1. Wearing all black head-to-toe

2. Changing your distance on Tinder and then realizing you don’t wanna go all the way to Brooklyn for a hookup

3. Crying in public. Specifically crying on the subway at 2 a.m.

4. Sh*tting on New Jersey

5. Seasonal Affective Disorder

6. The New Yorker subscription tote bags

7. Under-eye bags

8. Vodka sodas

9. Running into your ex at Pret A Manger

10. Complaining about Mercury retrograde

11. “I’m the Carrie”

12. Tide to Go pens

13. Whispering “It smells like p*e” when you get on the subway

14. French bulldogs

15. Lexapro

16. Ordering trentas at Starbucks

17. Flirting with your super to get him to fix your toilet

18. Depression. Anxiety

19. Seeing Alec Baldwin outside of NYU

20. Flagels

21. Quoting podcasts semi-out of context

22. Wearing Yankees merch even though you don’t care about sports

23. Complaining about the L train

24. P*eing yourself at TAO nightclub

25. Taking an improv class with Upright Citizens Brigade

26. Street art that says “Fulfill your destiny”

mira_windisch / Via instagram.com

27. Judging people who wade into the fountain in Washington Square Park

28. Mini bottles of hand sanitizer from CVS

29. Telling everyone you’d never want to live in the suburbs

30. Hating children

31. Coffee sh*ts

32. Avoiding midtown

33. Being poor

34. Cutting out dairy

35. Feeling kind of sad for broken umbrellas left on the sidewalk

36. Making fun of LA for driving Priuses and other stuff

37. Accidentally dropping one AirPod onto the subway tracks

38. “I went to Gallatin”

39. Instagramming pics of yourself holding a coffee in Central Park or something

40. Fake leather jackets

41. Candles that smell like nature

42. Getting excited when you see a rare, mostly-white pigeon

43. Rollerblading across the Brooklyn Bridge (going towards Brooklyn, obvi)
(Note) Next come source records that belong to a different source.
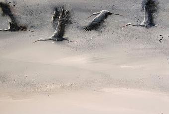 Cuca Arsuaga: Vuelo de cigüeñas. Acuarela y tinta. Tomada de aquí.
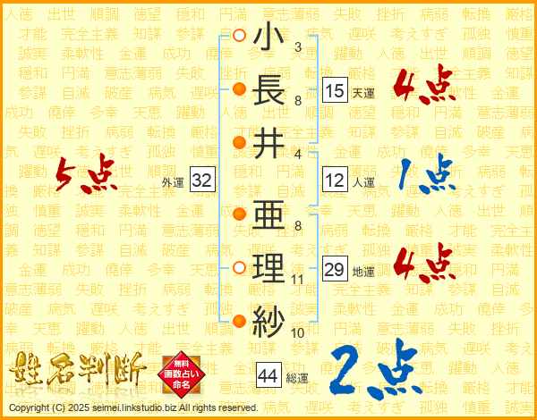 小長井亜理紗さんの総運は44画の2点!
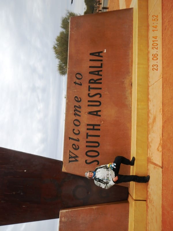 Into Erldunda for lunch and it’s only 1:13pm – I’ve made really good time. I shudder from cold when I get off and go in for a toasted sambo and a cuppa tea to warm up. It’s too early to stop and I decide to push on through to Marla and hopefully get a room. This time before heading off I put the liner in my jacket and don the winter gloves – yeah!

44. Having a panic attack in the household aisle at Duane Reade

kadenceneill / Via instagram.com

45. Ordering wine on Postmates. And ordering Insomnia Cookies 30 minutes later

46. Strong calves

47. Strong immune systems

48. Weak intellectual arguments

49. Ending a relationship solely because they live above 143rd Street

50. Dogs in booties

51. Throwing up on the Ikea ferry

52. Missing your subway stop after Sunday brunch

53. Going to The Strand and only buying a pair of socks with pugs on them

54. Bushwick bangs

55. Getting Artichoke Pizza after going out even though you said you were cutting out dairy

56. Praying your Uber driver doesn’t talk to you

57. Making up a life story for every rat you see on the subway tracks

58. Drinking water

59. Specifically out of a knock-off Swell

60. And lastly, how blue Alec Baldwin’s eyes are in person.